No Aadhaar, no scholarship to Jharkhand SC, ST students

Thousands of government school students, who missed getting enrolled in the scheme, are denied benefit

October 08, 2013 12:52 pm | Updated June 02, 2016 05:47 am IST - Ranchi

Though the Supreme Court has ruled that Aadhaar membership is not mandatory for accessing benefits, thousands of students in Jharkhand government schools who missed enrolling for the scheme, are unable to get scholarships.

Even MGNERGS workers in Ranchi, which was a pilot district in 2011-12 for linking the rural job scheme to Aadhaar, have not been paid through Aadhaar since the government discontinued its pilot in three panchayats here 10 months ago.

Seven scholarship schemes were among the 13 linked to Aadhaar in phase-II of the project begun this year. “In pre-matric scholarships for SC, ST and OBC in Ranchi, Ratu, Nagri, from over 13,000 earlier, now the number of students is 9000, which is worrying. In one school in Ranchi we found the students who had not enrolled [for Aadhaar] had been absent 10-12 days a month. Many of these children worked part-time pulling rickshaws or the girls discreetly worked as domestic help in the morning before attending school,” said an official.

Data from the district welfare office show that 23, 817 children availed themselves of post-matric scholarships for the SC/ST and OBCs — one of the seven schemes linked to Aadhaar — in 2011-12. But in 2012-13, after Aadhaar was made mandatory for students, this dropped by 35 per cent to 15,638. The sharpest reduction is in the number of beneficiaries from tribal families. In 2011-12, 16,058 ST students got scholarships, while the next year this fell to 8,985.

At Hanjed, a tribal village in Bundu block, one of the worst conflict-affected areas, 40 km from Ranchi, school staff have expressed concern that children may get excluded from schemes.

“Their parents are poor farmers and need scholarships to buy notebooks, stationery and chappals for the children. Every day I ask the children to go to the block office to enrol [under Aadhaar]. Last year 29 of 36 students in Class VIII did not have UID [Unique Identification Number] and have not got their scholarships which would come by this year,” said Arjun Mahto, principal of the government middle school. School teachers are still trying to get 21 of the 159 students, who got left out, enrolled for Aadhaar.

Forty km away at Sonahatu, 272 of the 286 Class X students in Rajsamposhit High School are SC, ST or OBC and qualify for scholarships. But only 12 of them have enrolled for Aadhaar, which is less than 5 per cent.

“Many of the girls live 12-15 km away in their in-laws’ house. Either they did not find out in time about enrolment or the Bank of India turned them away,” said principal Jaimasih Kerketta.

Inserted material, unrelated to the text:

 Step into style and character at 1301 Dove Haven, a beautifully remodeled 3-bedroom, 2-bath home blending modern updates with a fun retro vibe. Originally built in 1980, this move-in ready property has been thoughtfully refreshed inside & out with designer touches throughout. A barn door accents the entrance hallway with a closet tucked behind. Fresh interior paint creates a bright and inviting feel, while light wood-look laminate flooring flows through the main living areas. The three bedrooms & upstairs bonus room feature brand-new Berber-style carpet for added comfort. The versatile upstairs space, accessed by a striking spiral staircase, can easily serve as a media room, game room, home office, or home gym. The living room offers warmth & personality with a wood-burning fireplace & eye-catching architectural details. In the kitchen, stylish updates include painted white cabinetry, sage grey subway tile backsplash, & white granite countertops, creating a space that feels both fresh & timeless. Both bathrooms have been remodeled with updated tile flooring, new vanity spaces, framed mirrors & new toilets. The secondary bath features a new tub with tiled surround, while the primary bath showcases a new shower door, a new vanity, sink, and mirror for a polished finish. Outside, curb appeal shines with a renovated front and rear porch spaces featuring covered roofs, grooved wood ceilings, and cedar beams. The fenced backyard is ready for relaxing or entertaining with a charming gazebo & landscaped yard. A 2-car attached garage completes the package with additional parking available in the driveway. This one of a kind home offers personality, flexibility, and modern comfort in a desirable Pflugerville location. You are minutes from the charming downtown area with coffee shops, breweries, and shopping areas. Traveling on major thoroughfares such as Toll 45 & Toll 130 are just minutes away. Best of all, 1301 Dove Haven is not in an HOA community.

Till last year, the School Development Committee — consisting of the principal, parents of students from SC, ST families, and other members — would distribute cash received from the Welfare Department. “Even if the children were absent or were away visiting relatives, they would come to school after hearing about it [distribution], even dropouts would come,” said Sandhya Kumari, principal of Maharani Prem Manjari Girls’ High School in Ratu block.

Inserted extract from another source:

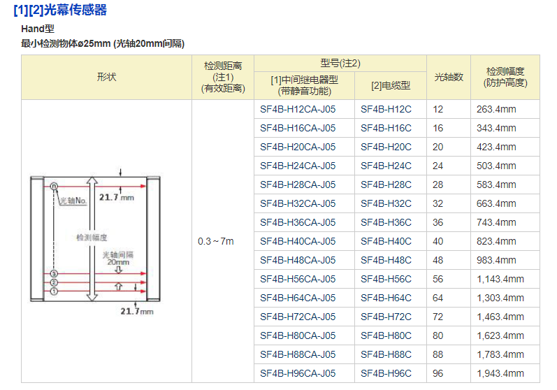 檢測(cè)距離 (注1) (有效距離: 0.3~7m

When this reporter visited the school, 150 of the 504 students were absent. Though there was no computer, the school had to send a digitised list of beneficiaries to the welfare office for the fourth time this year after 25 new students, who did not have Aadhaar, enrolled in the institution.

The school staff said they were uncertain whether UID was mandatory or not. “Without Aadhaar card no scholarships will be disbursed,” notes a letter, dated August 12, from Tribal Welfare Commissioner Rajiv A. Ekka to the Welfare Department. Officials say if a child does not have the Aadhaar card, schools are supposed to send a separate list for payment through the old method. But of the 239 middle and high schools in Ratu, Nagri and Ranchi, no school has submitted a separate list, say officials.

In Ranchi city, at Shiv Narayan Girls’ High School, of 850 students, 536 are eligible for SC, ST, OBC stipends. Bindu Kumari, a Class VIII student, whose mother works as a tea vendor, missed enrolling in Aadhaar last year.

A district UID officer, however, said officials would intervene once errors were brought to their notice. “For instance, a B. Tech student from Tatislive got her details corrected in mid-August.”